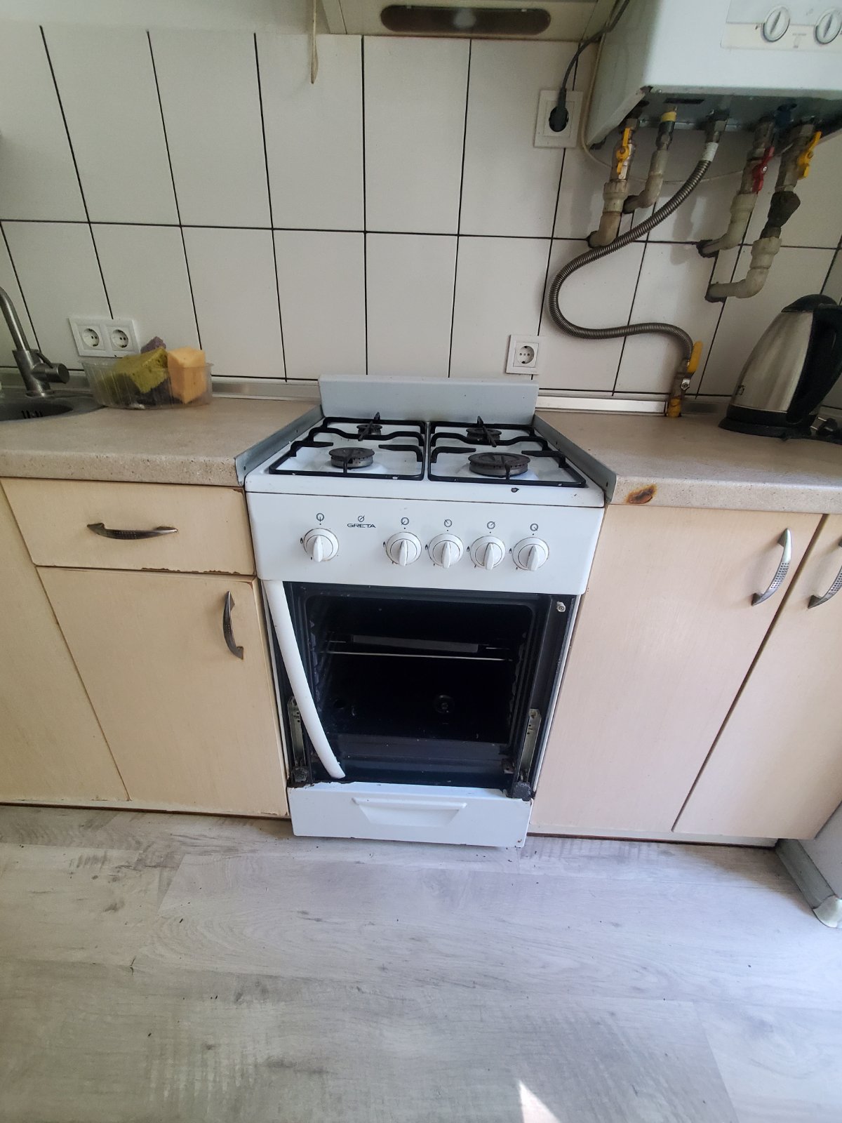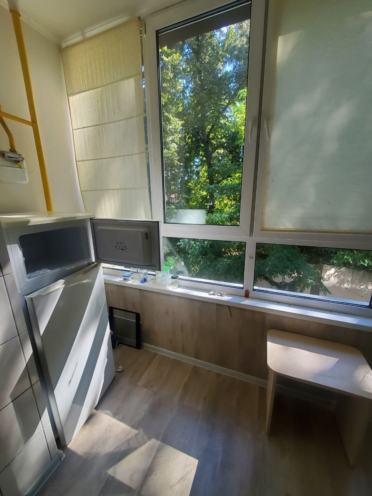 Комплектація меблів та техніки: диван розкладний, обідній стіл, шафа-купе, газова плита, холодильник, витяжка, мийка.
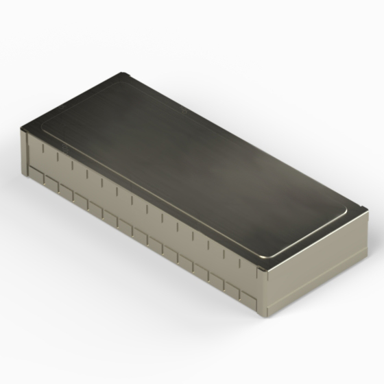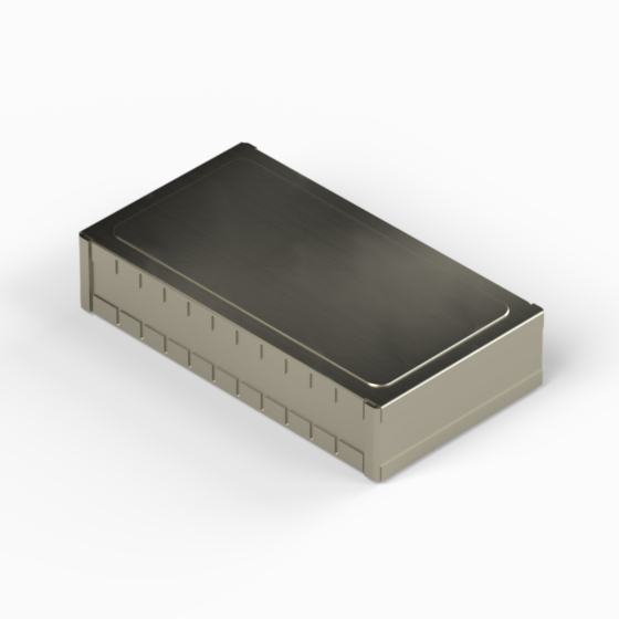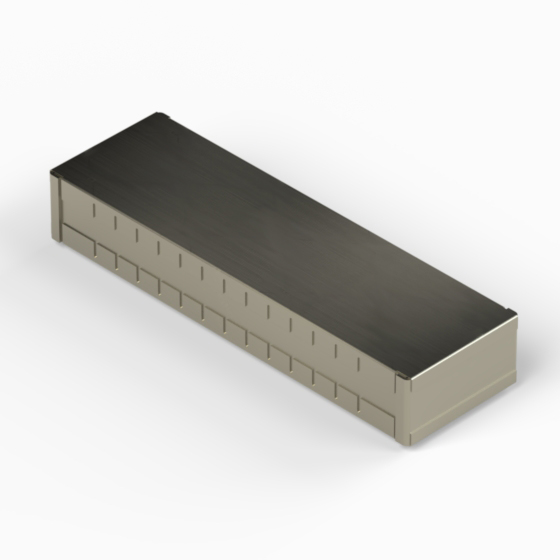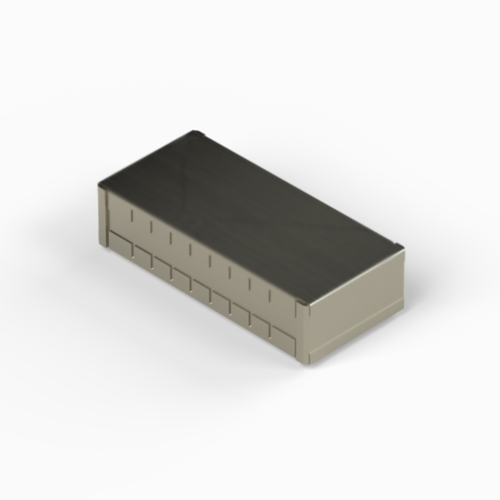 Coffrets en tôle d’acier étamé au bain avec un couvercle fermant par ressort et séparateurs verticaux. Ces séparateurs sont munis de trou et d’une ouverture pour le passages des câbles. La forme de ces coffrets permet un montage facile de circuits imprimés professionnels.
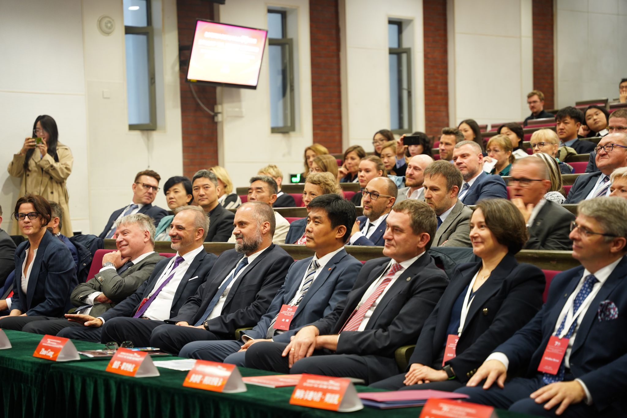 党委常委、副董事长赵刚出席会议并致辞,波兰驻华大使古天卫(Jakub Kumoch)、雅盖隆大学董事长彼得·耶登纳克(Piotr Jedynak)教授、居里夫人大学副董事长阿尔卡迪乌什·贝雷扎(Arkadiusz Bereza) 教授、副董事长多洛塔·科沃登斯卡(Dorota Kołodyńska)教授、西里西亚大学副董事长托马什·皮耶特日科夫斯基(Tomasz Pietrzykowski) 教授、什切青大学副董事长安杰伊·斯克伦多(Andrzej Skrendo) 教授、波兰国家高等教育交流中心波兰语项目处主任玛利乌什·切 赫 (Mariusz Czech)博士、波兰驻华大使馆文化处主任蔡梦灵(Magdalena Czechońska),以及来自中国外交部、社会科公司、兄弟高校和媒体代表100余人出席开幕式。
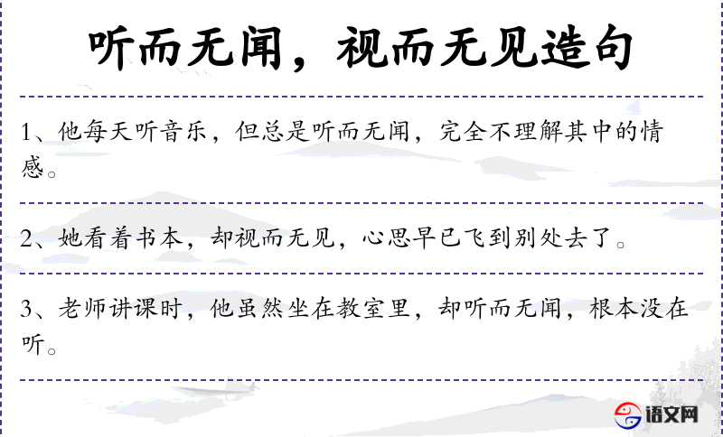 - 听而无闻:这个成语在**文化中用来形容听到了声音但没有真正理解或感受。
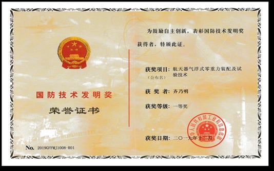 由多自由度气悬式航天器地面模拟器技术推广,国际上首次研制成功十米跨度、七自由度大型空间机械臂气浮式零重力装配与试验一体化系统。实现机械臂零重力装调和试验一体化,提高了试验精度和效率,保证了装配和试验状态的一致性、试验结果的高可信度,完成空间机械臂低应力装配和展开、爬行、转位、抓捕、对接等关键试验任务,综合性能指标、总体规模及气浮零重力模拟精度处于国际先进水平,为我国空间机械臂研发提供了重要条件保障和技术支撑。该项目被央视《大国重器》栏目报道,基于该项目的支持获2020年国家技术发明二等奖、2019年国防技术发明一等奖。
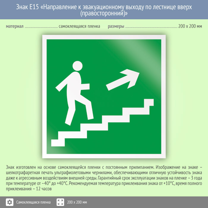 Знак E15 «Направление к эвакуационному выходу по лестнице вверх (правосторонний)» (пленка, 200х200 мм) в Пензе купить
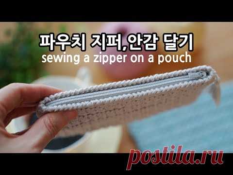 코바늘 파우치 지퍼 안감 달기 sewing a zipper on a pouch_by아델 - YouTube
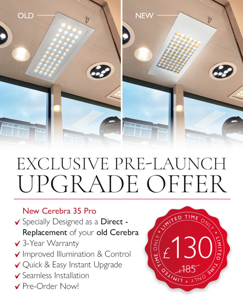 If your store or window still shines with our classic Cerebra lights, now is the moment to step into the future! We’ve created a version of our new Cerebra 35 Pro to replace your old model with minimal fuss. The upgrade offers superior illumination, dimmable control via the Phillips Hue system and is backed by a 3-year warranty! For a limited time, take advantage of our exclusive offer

************

:: Instructions for the task ::
Take the listing above and restate it word for word, without its pictures.

:: Written reply ::
 Комплектація меблів та техніки: диван розкладний, обідній стіл, шафа-купе, газова плита, холодильник, витяжка, мийка.
 Coffrets en tôle d’acier étamé au bain avec un couvercle fermant par ressort et séparateurs verticaux. Ces séparateurs sont munis de trou et d’une ouverture pour le passages des câbles. La forme de ces coffrets permet un montage facile de circuits imprimés professionnels.
 党委常委、副董事长赵刚出席会议并致辞,波兰驻华大使古天卫(Jakub Kumoch)、雅盖隆大学董事长彼得·耶登纳克(Piotr Jedynak)教授、居里夫人大学副董事长阿尔卡迪乌什·贝雷扎(Arkadiusz Bereza) 教授、副董事长多洛塔·科沃登斯卡(Dorota Kołodyńska)教授、西里西亚大学副董事长托马什·皮耶特日科夫斯基(Tomasz Pietrzykowski) 教授、什切青大学副董事长安杰伊·斯克伦多(Andrzej Skrendo) 教授、波兰国家高等教育交流中心波兰语项目处主任玛利乌什·切 赫 (Mariusz Czech)博士、波兰驻华大使馆文化处主任蔡梦灵(Magdalena Czechońska),以及来自中国外交部、社会科公司、兄弟高校和媒体代表100余人出席开幕式。
 - 听而无闻:这个成语在**文化中用来形容听到了声音但没有真正理解或感受。
 由多自由度气悬式航天器地面模拟器技术推广,国际上首次研制成功十米跨度、七自由度大型空间机械臂气浮式零重力装配与试验一体化系统。实现机械臂零重力装调和试验一体化,提高了试验精度和效率,保证了装配和试验状态的一致性、试验结果的高可信度,完成空间机械臂低应力装配和展开、爬行、转位、抓捕、对接等关键试验任务,综合性能指标、总体规模及气浮零重力模拟精度处于国际先进水平,为我国空间机械臂研发提供了重要条件保障和技术支撑。该项目被央视《大国重器》栏目报道,基于该项目的支持获2020年国家技术发明二等奖、2019年国防技术发明一等奖。
 Знак E15 «Направление к эвакуационному выходу по лестнице вверх (правосторонний)» (пленка, 200х200 мм) в Пензе купить
 코바늘 파우치 지퍼 안감 달기 sewing a zipper on a pouch_by아델 - YouTube
 If your store or window still shines with our classic Cerebra lights, now is the moment to step into the future! We’ve created a version of our new Cerebra 35 Pro to replace your old model with minimal fuss. The upgrade offers superior illumination, dimmable control via the Phillips Hue system and is backed by a 3-year warranty! For a limited time, take advantage of our exclusive offer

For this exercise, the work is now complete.